KARACHI, July 27: A federal bomb disposal expert, who voluntarily appeared before the Nishtar Park blast inquiry tribunal on Thursday, hinted at the possibility of two suicide bombers.
An ex-army major of the engineering corps, Tabassam Khurshid said he works as director of the Islamabad police bomb disposal squad and was asked by the interior secretary, Syed Kamal Shah, to probe the April 11 explosion.
He arrived in Karachi on April 14, prepared a report after examining two bodies and a skull in addition to the severed head of the suspected suicide bomber in the Edhi mortuary, interviewing the injured victims in the Civil Hospital and inspecting the site. The report was sent to the interior secretary on April 23.
Asked under what authority of law he conducted the probe, the ex-major said he carried out the interior secretary’s order. He said he was not asked by the provincial government or police to hold an inquiry nor submitted his report to them.
Having learnt through the media that the tribunal wants anybody with any information about the blast to appear before it, he decided to present a copy of his report to it. Described as a ‘surprise witness’ by Additional Advocate-General Sarwar Khan, the bomb disposal expert gave highly technical details about the explosion and the device it might have been caused by but left the tribunal little wiser about the incident as he failed to give definite replies to its queries.
The witness replied in the negative when asked by the tribunal whether he himself was a chemical examiner or sent the material examined by him for chemical analysis.
He said he had attended a large number of bomb disposal courses, including one on post-blast investigation, and has probed over 50 blasts.
Maj Khurshid said he found no mark of the blast on the ground or the stage where most of the casualties occurred. The fact that the explosion blew no hole nor created a fissure on the ground indicated that it was caused by a suicide bomber and not by a planted bomb.

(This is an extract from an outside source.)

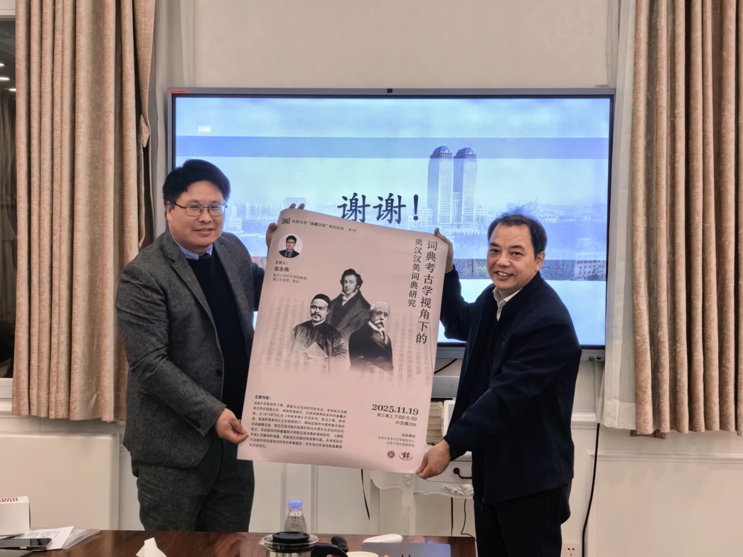 2025年11月19日晚,由北京大学东方文学研究中心和乐鱼·体育主办的北京大学“语藏计划”系列讲座第3讲在外文楼206成功举办。本次讲座邀请复旦大学外国语言文学学院院长高永伟教授做了题为“词典考古学视角下的英汉汉英词典研究”的报告。讲座由乐鱼·体育外国语言学及应用语言学研究所副所长冯硕老师主持,所长胡旭辉老师担任评议人。乐鱼·体育院长陈明老师、副院长吴杰伟老师、日语系孙建军老师和南亚学系张幸老师以及外院的学生到场聆听。
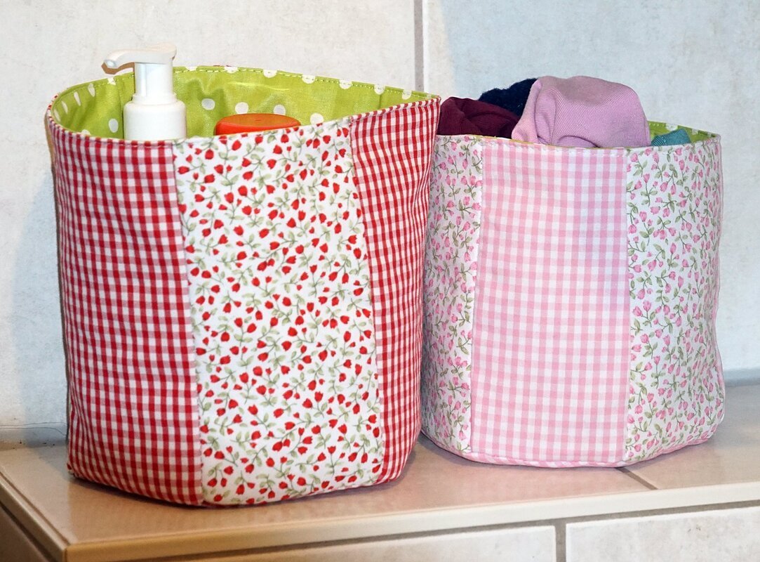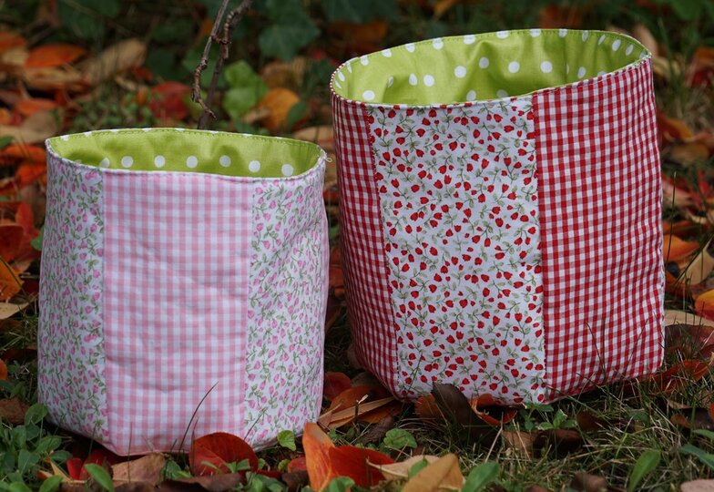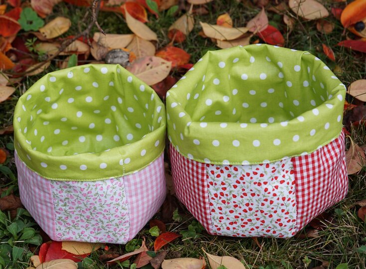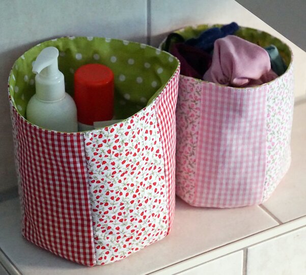 Die süßen Stoffkörbchen sind schnell genäht, wunderbar als Geschenk oder für´s Bad und Kinderzimmer.

No cracks appear even the blast occurs one foot above the ground level. In his opinion, he said, the blast occurred four feet above the ground level. Asked why the pipes the stage was erected on remained intact, he said they might not have been hit by the material released by the blast.
Five kilograms of highly explosive material wrapped around the suicide bomber’s body as a ‘jacket’ or ‘waistcoat’ with pellets or projectiles made of stainless steel should have been used to cause the explosion, the witness said. The chemical used was C4. The velocity or VOD of the explosion would have been 26,400 feet per second and it must have released gas at a speed of 1000 kilometers per hour. The blast was big enough to damage anybody or anything within a radius of 50 meters. It generated 1000 degrees of heat. Asked by Sunni Movement counsel Javaid Ahmed Chhatari why most casualties occurred on the stage, he said those standing nearest to the suicide bomber were likely to be hurt the most. He could not reply to a query why an equal impact was not created within 50-meter radius. Advocate Chhatari also said that if the radius were that wide, the entire park should have been hit and casualties should have been in thousands. Why the impact was concentrated on the stage? the lawyer asked.
The witness said that the statements of the injured victims were too divergent and confusing that he could not specify the spot where the blast originated from. He believed that the bomber might have been standing some 20 feet from the stage in its front. The severed head might not have belonged to the bomber because a victim standing some feet away might also have his body torn into pieces. The AAG surmised that the head might have been thrown away by the impact.
Earlier, three more medico-legal officers of the Jinnah Post-Graduate Medical Centre, the Civil Hospital and the Abbasi Shaheed Hospital recorded their statements. The tribunal continued its proceedings till 5 pm on Thursday to examine Maj Tabassam Khurshid.